It's been a dismal year for the stocks of pharmacy chains. Rite Aid (NYSE:RAD) is no exception, with its shares down 17% year to date as of the market close on Wednesday.
But the company announced its fiscal first-quarter 2021 results before the market opened on Thursday. Now, 2020 isn't looking so dismal for Rite Aid after all. Here are the highlights from the pharmacy retailer's Q1 update.
By the numbers
Rite Aid reported revenue from continuing operations in the first quarter of $6.03 billion. This reflected an 11% increase from the prior-year period total of $5.37 billion. It also handily beat analysts' consensus estimate of $5.61 billion.
The company reported a net loss in its fiscal Q1 of $72.7 million, or $1.36 per share, based on generally accepted accounting principles (GAAP). This represented improvement, though, from Rite Aid's GAAP net loss of $99.3 million, or $1.88 per share, in the prior-year period.
Wall Street pays more attention to companies' adjusted (non-GAAP) bottom lines. Rite Aid didn't disappoint, posting an adjusted net loss in Q1 of $0.04 per share. That figure was a move in the right direction compared to its adjusted net loss of $0.14 per share in the prior-year period, and a lot better than the net loss of $0.38 per share expected by analysts.
Behind the numbers
Rite Aid has two reporting segments: retail pharmacy and pharmacy services (which includes its pharmacy benefits management business). The big winner in the Q1 was the pharmacy services segment. Revenue for the unit soared 26.2% year over year to $1.98 billion, with this growth fueled mainly by increased Medicare Part D membership.
The company's retail pharmacy segment also performed well. Sales increased 6.7% year over year to $4.12 billion. The chief factor behind his improvement was front-end store sales.
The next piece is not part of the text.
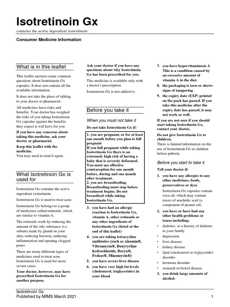 Isotretinoin GX What Is in This Leaflet PDF Medicine Diseases

Rite Aid reported that its front-end same-store sales jumped 16% from the same quarter in fiscal 2020. The company attributed this improvement to increased sales of cleaning products, sanitizers, wipes, paper products, and liquor, as well as over-the-counter medications and summer seasonal items.
Rite Aid's solid revenue growth helped boost its bottom line. The company also benefited from a LIFO (last in, first out) credit in fiscal Q1 2021 compared to a LIFO charge in the prior-year period, a sizable income tax benefit in the recent quarter, and lower costs related to corporate restructuring.
Because of the uncertainty with the severity and duration of the COVID-19 pandemic, Rite Aid withdrew its previous fiscal 2021 guidance. However, the company is expecting to generate positive free cash flow during fiscal 2021. Rite Aid is counting on reduced costs and capital expenditures, along with improving its working capital, to help achieve this goal.
Like other companies in the healthcare sector, Rite Aid could face continued challenges from the COVID-19 pandemic. CEO Heyward Donigan acknowledged these challenges and specifically pointed out the decline in prescriptions for acute conditions and the company's higher costs related to ensuring the safety of its workers and customers during the pandemic.